I am running fft code on a Tesla k20 with 10000x10000 matrix using almost all 5GB of the gpu ram. the power consumption shown by nvidia-smi is 137 W. I do not think there is any real (useful) cuda program which would make the power consumption at max (a.k.a use the gpu 100%).

Please tell me more about your set-up. I want to build a cuda computing server for our lab.

Will send a pic tomorrow if you really want. It’s actually 7 titans and one K20X. Runs at about 40C

Yes, pics please!! (And machine specs too, if possible)

Hey sorry was away. I’m just about to swap the K20X out for a titan (titan actually performs better for my current code). Will upload a pic when it’s all nice and implemented :)

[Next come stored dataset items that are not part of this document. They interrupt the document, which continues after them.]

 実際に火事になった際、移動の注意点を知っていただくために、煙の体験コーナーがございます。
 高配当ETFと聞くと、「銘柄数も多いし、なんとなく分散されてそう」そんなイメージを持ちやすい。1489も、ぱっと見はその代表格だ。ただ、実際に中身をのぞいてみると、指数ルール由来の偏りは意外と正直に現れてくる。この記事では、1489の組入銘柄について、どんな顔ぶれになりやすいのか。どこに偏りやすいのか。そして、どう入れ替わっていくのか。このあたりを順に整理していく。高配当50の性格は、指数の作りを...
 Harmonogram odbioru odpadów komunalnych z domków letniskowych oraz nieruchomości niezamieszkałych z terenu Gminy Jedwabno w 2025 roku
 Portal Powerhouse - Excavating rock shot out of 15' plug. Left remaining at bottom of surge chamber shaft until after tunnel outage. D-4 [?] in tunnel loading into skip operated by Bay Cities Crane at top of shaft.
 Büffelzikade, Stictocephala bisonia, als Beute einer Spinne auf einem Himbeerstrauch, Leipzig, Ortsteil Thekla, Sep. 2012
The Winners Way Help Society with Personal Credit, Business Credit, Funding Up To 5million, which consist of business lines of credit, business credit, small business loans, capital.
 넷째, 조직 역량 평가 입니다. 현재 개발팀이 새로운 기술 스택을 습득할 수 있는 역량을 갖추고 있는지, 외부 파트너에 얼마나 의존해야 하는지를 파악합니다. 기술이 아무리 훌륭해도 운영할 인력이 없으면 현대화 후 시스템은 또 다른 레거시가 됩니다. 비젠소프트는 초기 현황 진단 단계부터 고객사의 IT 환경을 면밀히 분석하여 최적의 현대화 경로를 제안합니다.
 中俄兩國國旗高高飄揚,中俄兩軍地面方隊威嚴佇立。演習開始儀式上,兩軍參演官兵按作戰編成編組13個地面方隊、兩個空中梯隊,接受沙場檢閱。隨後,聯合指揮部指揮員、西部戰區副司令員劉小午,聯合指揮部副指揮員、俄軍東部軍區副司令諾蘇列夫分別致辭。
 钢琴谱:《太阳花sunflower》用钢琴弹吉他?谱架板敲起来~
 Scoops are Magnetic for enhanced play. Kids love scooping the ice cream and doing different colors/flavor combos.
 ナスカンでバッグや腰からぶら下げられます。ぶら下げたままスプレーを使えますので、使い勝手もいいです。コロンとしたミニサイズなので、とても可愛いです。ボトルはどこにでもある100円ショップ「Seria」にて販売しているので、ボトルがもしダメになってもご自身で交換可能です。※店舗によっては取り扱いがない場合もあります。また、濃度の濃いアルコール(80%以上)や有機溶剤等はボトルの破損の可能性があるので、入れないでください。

It’s not cheap, 8 gpu motherboards are hard to come by. Further, I needed to maximize P2P transfer rates so it’s using Romley Arch. This is the tyan barebones (motherboard, case, fans, psu) that it’s currently using:
PLENTY of cooling (when it turns on it’s about 100db, idles at about 60 db!!!). Was a bit difficult to set up, and there were definitely a few teething problems (needs 3 power sockets, ideally from 3 different power boards, must use the proprietary onboard graphics, we were unable to get output from any of the Titans)

On top of that:
2* Intel Xeon E5-2620 2.00 Ghz 15MB Cache 7.20GT/sec LGA 2011 Six Core Processor
8* 4GB 240-Pin DDR3 SDRAM ECC Registered DDR3 1600 MHz Server Memory
1* 2TB 7200RPM 64MB CACHE 3.5IN SATA Enterprise Class HDD


Very nice, but why not SSD drive(s)? At least for the operating system?
It is amazing what a difference they make.

Any chance for a pic?